14 An oil tanker can hold \( 1200 \mathrm{~cm}^{3} \) of oil. Pump \( A \) alone, can empty the tanker in \( x \) hours. Pump \( B \) alone, can empty the tanker in \( (x+3) \) hours. (a) Find in terms of \( x \), the amount of oil, (i) that Pump \( A \) can empty per minute. (ii) that Pump \( B \) can empty per minute. (b) When both pumps are used at the same time, they can empty the oil tanker in 7 hours. Form an equation in \( x \) and show that it simplifies to (c) Solve the equation \( x^{2}-11 x-21=0 \), leaving your answers correct to 2 (decimal places. (d) Find, the rate of flow of Pump \( B \) in cubic centimetres per second.
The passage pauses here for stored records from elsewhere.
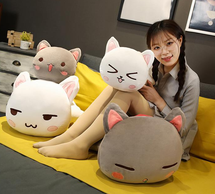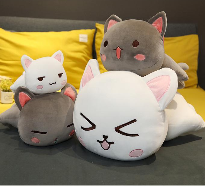 Color; white cat-cute, white cat-happy, gray cat-cute, gray cat-squinting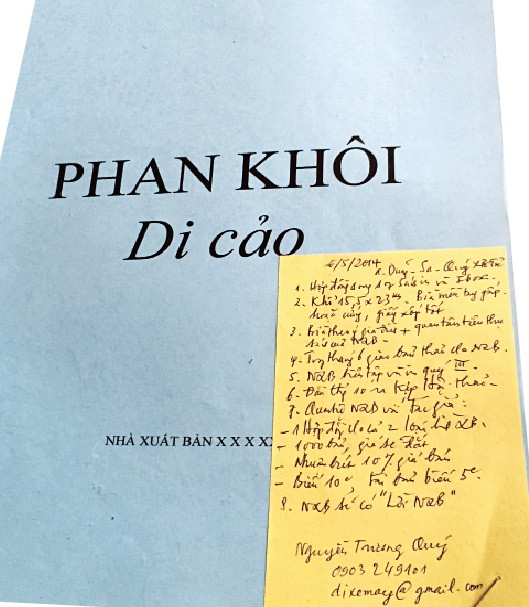Tuy nhiên, di cảo của Phan Khôi còn lại rất nhiều. Người con trai thứ của ông, nhà giáo Phan Nam Sinh bảo quản, gìn giữ di cảo suốt những năm chiến tranh. Năm 1977, anh chuyển vào sinh sống ở Biên Hòa nên giao lại “gia tài” cho mẹ và người em út Phan An Sa vừa từ chiến trường trở về Hà Nội. Từ năm 2008, gia đình Phan Khôi bắt đầu sắp xếp, phân loại khối di cảo của người cha để lại. Hai năm, 2008 - 2009, vợ chồng Phan An Sa làm công việc sao lục, gửi đến các thành viên trong gia đình xin ý kiến đóng góp, sửa lỗi, soạn các chú thích và hiệu đính.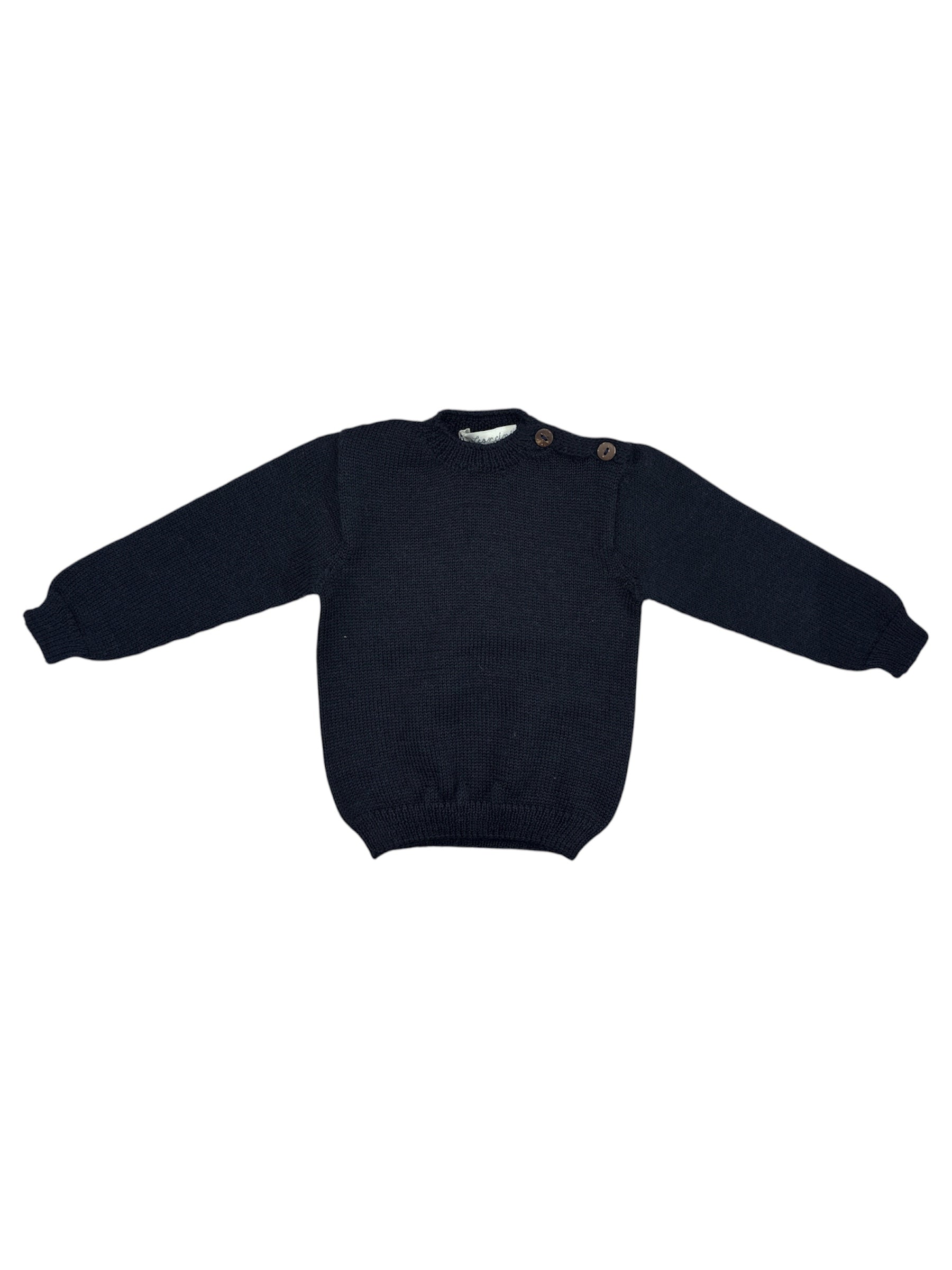 Un maglione caldo e morbido, realizzato in 100% lana merinos, ideale per accompagnare i più piccoli nelle giornate fredde. Il design semplice e confortevole è arricchito da due bottoni laterali sulla spalla, che facilitano la vestizione e aggiungono un tocco delicato. Perfetto per un look pratico e raffinato in ogni occasione

To tackle this fun-filled oil pumping puzzle, let’s dive in! First, we’ll kick off with (a): (i) Since Pump \( A \) can empty the tanker in \( x \) hours, we convert hours to minutes (where 1 hour = 60 minutes). Hence, Pump \( A \) empties \( \frac{1200 \, \text{cm}^3}{x \cdot 60} = \frac{20}{x} \, \text{cm}^3 \) per minute. (ii) For Pump \( B \), which takes \( x + 3 \) hours, it will empty \( \frac{1200}{(x + 3) \cdot 60} = \frac{20}{x + 3} \, \text{cm}^3 \) per minute. Now onto (b): When both pumps are working together, their combined emptying rate equals the total capacity divided by time (7 hours), which gives us: \[ \frac{20}{x} + \frac{20}{x + 3} = \frac{1200}{7 \cdot 60} \] This simplifies to: \[ \frac{20}{x} + \frac{20}{x + 3} = \frac{200}{7} \] Combining terms leads to a swift dance of fractions to arrive at an equation in \( x \). Now for (c): To solve the quadratic equation \( x^2 - 11x - 21 = 0 \), we can use the quadratic formula: \[ x = \frac{-b \pm \sqrt{b^2 - 4ac}}{2a} \] where \( a = 1 \), \( b = -11 \), and \( c = -21 \). This will yield two possible values of \( x \) (approximately): \( x \approx 13.87 \) and \( x \approx -1.87 \) (we'll discard the negative as time can’t go backwards!). Finally in (d), the rate of flow for Pump \( B \) in cubic centimeters per second is calculated by first finding the oil it pumps per minute as derived previously, then converting to seconds: \[ \text{Flow rate of Pump } B = \frac{20}{x + 3} \, \text{cm}^3 \text{ per minute} = \frac{20}{x + 3 \, \text{cm}^3 \text{ per minute} \cdot \frac{1}{60} \text{ min/sec} = \frac{20 \cdot 60}{x + 3} \text{ cm}^3 \text{ per second} \] Substituting \( x \) gives the precise flow rate. Isn’t math just marvelous?